The final process of the Visual Sensor will then take these visible points, the ones based in driverSpace and possibly not 100% accurate, and transform them back to perceive the drivers position in world space. This will include the error of estimation once I get that far in the project.

The MemoryUnit will then track 10 snapshots, with each snapshot containing up to 32 visible reference points, the perceived position, and some other information from the Physical Sensor; directionOfMotion and feltForces.

The PredictionUnit will use the snapshots in the MemoryUnit to predict the future course the car will be following. My process of thought here, is instead of making Jared drive from point to point, (like I did in my previous attempt half way through the thread), he will instead attempt to drive and stay on track based on the prediction unit. So once the car is moving, the prediction unit will have a vector where it thinks the car will be in 1 second. If that vector falls of the track, the driver will (hopefully) be able to take appropriate actions to slow the car down, if needed, and to turn and stay on track.

Does this make sense where the current state of the project is?

As far as genetic learning, it is something that comes up a lot but, I think I will let that sit on the bench because, I can't speed up the simulation and I think it'd add more complexity trying to tune it. Can't wait until Jared does his first complete lap.

Anyone have any guesses as to a lap time? (XRG at FE1) I'm going to guess 1:45
blackbird04217
S3 licensed
Yea, that is pretty close to what I derived (for a 2D solution) in post 316, at least as I understood it minus you used only point A. There are technically three coordinate systems, LFS World, AIRS World and AIRS Driver. For most purposes (including this) the LFS coordinate system can be ignored.

Basically everything you said is exactly correct, except I don't give the driver a compass, which does make it difficult to continue. I did successfully compute the 'compass' direction by using two points, A and B, and the angle between these points in driverSpace vs worldSpace is the rotation of the driver. This was the reason I used 2 points.

Your solution would work also, if the driver knew the compass heading already because then he could undo that rotation. Long story short though, the driver is doing this now but simply using the transform. It holds 75% true to the project since the driver, doesn't get fed his position or rotation, and can only calculate his position (currently knows nothing about rotation) based on the visual estimations to each reference point. The other 25% is taken away because it is using the transform directly to do so, which as I state in the following paragraph could mostly be computed anyway, minus roll.

I do fully understand matrices, and know how to build one using a forward direction, then cross that with an up (0, 1, 0), to get the right vector, then cross those to get the actual up vector. However, my head tells me doing this in this situation allows for more error than I could allow; it removes the roll from the cars transform by assumption. It is possible I am wrong, and this error amount would be insignificant, in any case the Visual Sensor has a way to perceive the position based on the visual input.

I actually don't use sin/cos much at all, honestly I use the 4x4 matrices and vector3's so much more as it is simply easier. Post 316 was completely my thought process as I looked through a problem without searching for a solution, just my raw thoughts as I worked through it, in 2-dimensions.

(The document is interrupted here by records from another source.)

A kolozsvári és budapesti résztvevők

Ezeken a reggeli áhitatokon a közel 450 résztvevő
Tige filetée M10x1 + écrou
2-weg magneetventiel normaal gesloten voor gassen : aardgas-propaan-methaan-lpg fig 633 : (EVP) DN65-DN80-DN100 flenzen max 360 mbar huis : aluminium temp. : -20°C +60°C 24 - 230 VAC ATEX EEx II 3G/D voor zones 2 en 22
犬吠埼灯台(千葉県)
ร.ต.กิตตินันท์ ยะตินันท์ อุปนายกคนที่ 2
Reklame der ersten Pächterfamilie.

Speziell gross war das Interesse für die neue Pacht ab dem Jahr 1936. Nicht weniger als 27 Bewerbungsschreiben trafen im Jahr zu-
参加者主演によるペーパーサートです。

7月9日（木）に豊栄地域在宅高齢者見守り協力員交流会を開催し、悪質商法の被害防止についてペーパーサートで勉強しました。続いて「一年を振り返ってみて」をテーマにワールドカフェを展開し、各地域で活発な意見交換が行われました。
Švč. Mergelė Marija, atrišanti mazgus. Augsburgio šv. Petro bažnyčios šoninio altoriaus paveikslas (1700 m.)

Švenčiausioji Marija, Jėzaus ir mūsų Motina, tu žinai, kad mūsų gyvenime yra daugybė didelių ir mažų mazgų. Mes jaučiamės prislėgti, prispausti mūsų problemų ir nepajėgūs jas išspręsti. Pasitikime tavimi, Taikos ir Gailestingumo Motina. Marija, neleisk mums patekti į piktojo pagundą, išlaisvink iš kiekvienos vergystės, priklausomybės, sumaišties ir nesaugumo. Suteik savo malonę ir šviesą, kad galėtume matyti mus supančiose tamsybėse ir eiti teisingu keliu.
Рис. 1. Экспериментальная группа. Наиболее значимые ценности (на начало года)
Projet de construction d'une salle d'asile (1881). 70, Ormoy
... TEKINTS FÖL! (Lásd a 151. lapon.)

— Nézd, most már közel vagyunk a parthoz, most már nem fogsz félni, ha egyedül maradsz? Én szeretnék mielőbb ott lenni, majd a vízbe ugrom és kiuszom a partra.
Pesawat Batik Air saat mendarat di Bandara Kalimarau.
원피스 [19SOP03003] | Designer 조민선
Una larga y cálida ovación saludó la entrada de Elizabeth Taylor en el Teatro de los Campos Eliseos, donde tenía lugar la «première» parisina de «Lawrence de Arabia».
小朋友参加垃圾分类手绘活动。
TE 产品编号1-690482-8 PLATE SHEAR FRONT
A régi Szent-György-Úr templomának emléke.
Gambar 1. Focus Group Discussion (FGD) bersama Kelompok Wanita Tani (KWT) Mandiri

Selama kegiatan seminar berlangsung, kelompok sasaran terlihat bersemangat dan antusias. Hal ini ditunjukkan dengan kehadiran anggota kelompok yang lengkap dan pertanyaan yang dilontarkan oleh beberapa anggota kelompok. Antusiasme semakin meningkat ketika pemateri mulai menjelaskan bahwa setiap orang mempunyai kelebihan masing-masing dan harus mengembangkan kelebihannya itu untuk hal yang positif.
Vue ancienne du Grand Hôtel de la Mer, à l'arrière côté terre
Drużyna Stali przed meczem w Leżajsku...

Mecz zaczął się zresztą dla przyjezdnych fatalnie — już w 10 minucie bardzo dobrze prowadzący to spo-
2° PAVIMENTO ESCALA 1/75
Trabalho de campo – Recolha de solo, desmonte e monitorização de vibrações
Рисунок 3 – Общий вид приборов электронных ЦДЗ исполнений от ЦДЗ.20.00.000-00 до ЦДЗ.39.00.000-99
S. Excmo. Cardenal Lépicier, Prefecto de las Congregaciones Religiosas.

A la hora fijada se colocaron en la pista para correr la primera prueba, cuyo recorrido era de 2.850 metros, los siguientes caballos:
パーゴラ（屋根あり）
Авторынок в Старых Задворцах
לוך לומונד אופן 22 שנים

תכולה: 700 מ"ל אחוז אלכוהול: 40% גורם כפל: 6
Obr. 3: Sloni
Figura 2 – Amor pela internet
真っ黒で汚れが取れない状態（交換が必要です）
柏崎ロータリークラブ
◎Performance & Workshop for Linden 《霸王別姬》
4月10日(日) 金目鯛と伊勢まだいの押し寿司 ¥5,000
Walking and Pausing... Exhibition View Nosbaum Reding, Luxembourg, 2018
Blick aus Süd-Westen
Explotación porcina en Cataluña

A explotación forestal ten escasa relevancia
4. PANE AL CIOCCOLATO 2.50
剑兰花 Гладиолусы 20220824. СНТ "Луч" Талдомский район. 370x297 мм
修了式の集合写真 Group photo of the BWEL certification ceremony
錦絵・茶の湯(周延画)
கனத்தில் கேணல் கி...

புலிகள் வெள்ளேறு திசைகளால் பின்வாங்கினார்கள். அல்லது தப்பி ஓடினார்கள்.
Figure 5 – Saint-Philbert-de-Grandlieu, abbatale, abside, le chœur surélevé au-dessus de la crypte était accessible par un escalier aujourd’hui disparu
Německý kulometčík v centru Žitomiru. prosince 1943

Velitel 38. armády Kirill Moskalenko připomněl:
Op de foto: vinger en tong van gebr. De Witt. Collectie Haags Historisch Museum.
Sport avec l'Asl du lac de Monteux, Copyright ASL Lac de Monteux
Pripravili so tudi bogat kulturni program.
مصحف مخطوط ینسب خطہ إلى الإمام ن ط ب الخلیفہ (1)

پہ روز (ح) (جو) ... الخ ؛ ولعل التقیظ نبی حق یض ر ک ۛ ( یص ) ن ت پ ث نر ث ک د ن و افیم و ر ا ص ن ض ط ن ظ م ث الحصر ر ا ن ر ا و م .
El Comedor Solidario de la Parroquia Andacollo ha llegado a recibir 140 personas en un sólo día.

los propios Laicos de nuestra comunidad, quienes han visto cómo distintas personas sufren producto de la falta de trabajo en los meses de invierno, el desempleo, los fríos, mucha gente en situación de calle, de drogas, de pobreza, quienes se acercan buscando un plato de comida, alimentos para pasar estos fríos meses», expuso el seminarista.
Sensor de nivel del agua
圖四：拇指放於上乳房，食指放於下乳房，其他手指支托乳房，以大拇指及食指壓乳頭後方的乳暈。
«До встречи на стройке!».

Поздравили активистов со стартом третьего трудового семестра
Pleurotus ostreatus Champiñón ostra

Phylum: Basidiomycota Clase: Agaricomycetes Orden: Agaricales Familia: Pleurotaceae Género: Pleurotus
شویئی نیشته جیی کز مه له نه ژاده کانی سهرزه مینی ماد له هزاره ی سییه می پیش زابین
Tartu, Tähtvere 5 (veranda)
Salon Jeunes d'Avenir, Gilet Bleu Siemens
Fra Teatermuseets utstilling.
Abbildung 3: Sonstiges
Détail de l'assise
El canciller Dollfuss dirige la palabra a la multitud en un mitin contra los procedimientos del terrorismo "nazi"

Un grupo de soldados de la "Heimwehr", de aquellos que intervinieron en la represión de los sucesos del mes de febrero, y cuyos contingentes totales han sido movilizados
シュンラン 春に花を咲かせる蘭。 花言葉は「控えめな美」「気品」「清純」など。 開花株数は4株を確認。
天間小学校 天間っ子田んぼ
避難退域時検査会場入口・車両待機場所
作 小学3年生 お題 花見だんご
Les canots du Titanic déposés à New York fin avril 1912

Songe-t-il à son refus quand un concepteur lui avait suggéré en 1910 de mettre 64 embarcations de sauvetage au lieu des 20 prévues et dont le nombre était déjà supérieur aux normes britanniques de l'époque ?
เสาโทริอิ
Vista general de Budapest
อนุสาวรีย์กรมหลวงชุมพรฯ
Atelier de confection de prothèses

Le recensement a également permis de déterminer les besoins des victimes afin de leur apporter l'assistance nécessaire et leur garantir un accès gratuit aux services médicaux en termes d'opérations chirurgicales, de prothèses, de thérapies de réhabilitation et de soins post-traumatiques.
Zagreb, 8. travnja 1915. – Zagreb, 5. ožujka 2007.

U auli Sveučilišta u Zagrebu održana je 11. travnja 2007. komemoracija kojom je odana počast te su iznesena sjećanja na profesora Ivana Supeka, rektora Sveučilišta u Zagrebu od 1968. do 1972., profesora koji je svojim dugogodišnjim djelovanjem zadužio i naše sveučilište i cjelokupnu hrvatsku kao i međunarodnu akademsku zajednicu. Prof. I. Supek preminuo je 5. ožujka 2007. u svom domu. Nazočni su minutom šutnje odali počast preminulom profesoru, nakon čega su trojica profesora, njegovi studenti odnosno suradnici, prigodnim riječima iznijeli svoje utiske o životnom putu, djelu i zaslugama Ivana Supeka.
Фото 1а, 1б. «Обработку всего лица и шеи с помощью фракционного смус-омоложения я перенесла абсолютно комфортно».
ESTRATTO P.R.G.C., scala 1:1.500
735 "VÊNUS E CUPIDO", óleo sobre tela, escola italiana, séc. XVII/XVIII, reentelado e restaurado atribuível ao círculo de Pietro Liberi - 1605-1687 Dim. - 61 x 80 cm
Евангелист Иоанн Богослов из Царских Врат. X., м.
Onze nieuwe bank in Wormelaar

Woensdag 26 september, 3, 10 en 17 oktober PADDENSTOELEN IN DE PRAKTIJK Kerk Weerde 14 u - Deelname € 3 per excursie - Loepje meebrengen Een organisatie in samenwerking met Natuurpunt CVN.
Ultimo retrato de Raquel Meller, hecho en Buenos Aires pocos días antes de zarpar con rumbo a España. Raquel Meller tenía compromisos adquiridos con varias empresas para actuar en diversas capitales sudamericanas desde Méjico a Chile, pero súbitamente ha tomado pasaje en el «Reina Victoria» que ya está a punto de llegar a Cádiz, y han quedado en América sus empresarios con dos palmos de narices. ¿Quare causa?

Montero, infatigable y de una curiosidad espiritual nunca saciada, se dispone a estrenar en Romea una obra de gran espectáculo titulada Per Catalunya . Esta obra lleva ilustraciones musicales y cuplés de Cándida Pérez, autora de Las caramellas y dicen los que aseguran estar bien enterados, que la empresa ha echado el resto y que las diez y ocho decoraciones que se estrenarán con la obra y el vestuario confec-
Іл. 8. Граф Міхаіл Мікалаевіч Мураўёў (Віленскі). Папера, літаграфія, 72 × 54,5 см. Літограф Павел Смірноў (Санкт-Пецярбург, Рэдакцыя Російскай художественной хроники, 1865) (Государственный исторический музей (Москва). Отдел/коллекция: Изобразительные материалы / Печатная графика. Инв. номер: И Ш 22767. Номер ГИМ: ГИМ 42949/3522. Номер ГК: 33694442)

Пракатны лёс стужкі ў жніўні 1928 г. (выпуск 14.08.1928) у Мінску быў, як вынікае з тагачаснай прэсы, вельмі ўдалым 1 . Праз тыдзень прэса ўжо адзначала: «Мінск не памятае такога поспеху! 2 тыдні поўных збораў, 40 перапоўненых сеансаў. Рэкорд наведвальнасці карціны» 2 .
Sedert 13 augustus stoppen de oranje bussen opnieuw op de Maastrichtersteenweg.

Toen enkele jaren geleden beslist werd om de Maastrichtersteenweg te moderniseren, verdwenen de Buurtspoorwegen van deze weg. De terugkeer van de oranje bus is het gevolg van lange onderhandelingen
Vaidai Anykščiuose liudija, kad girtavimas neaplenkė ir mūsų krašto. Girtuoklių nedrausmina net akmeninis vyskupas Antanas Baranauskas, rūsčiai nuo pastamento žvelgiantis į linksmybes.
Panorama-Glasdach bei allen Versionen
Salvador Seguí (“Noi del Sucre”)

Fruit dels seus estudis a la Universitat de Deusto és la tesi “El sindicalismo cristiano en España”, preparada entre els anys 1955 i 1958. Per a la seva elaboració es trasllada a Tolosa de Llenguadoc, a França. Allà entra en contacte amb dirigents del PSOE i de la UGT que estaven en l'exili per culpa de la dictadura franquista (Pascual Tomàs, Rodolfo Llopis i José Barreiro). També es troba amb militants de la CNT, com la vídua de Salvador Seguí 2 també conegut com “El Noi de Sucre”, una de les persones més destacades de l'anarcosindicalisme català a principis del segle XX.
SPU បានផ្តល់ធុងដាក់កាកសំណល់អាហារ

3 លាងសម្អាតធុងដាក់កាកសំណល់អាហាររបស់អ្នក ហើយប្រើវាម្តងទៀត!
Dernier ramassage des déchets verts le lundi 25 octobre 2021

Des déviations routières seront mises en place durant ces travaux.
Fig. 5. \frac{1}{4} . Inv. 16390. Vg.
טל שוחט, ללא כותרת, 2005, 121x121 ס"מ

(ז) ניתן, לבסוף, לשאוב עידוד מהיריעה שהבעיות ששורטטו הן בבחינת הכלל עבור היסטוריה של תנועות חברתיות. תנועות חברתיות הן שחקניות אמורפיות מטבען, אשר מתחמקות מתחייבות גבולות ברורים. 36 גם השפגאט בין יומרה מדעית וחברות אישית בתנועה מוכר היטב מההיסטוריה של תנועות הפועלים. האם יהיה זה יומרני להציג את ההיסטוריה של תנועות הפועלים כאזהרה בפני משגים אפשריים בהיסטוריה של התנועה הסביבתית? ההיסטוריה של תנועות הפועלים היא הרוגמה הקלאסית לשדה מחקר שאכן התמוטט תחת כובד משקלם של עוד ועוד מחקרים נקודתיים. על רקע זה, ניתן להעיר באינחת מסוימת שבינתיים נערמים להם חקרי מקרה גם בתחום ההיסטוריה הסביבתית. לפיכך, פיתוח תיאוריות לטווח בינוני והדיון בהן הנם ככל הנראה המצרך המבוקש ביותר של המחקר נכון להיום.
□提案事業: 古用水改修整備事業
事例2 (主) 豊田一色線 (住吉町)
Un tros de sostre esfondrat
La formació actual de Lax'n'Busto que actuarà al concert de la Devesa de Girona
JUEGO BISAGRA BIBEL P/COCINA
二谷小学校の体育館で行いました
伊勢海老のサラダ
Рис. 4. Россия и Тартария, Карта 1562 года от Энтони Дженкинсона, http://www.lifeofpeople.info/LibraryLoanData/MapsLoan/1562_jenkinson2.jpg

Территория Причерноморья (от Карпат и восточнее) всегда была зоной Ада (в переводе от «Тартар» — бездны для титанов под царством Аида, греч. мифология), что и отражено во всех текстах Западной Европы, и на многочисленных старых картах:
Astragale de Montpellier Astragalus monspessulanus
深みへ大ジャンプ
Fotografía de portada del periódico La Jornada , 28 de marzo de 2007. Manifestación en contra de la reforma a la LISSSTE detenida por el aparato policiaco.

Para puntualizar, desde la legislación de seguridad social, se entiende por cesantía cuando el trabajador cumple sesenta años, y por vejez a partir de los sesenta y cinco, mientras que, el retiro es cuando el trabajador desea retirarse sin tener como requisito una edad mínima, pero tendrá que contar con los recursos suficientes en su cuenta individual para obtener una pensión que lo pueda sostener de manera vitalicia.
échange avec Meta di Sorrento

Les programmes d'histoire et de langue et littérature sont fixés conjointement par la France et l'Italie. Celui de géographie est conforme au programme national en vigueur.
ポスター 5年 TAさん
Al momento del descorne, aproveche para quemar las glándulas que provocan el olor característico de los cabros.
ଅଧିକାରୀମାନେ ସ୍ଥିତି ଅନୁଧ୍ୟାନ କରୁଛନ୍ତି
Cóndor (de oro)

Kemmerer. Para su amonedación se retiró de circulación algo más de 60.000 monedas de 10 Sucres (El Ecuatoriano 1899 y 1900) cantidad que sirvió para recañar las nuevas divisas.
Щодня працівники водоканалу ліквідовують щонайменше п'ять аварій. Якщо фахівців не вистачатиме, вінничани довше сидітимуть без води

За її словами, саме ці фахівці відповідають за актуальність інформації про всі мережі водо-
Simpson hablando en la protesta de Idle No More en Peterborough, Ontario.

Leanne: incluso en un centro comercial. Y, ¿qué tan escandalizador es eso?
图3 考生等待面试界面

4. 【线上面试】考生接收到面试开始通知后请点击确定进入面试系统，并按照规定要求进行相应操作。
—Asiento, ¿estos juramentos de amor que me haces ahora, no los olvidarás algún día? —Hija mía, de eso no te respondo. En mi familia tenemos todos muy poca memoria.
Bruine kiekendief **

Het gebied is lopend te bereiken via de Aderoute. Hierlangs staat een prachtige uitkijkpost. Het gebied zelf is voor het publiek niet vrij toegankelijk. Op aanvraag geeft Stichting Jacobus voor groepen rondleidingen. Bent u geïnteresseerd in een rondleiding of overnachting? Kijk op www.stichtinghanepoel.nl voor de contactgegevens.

//--------------------------------------------------------------------

I'm currently working on getting the driver to drive back to the track from where ever the car is at a given point at time, at least, as well as I can. There are going to be a lot of issues, primarily walls and objects that block the car from driving where the driver wants.

The driver, who my girlfriend named Jared, can current get in the car. The car must be H-shifter only at the moment, using XRG. LFS is not using auto clutch, so he can stall the car. In the StartFromStopAction, the driver can get the car moving from a stop, which if the car is off he will first turn it on, put it in first gear, rev the engine a bit, and fade off clutch/on throttle until moving. The prediction unit requires motion to project where the car might be in the future.

Once the car is moving 25mph, Jared will panic. An action call PanicStopAction, will force him to put both feet on the clutch and brake 100%, and release all other controls until the car is stopped and then he will put the car in neutral.

Both of these actions use other mini actions to help shift, start the car etc.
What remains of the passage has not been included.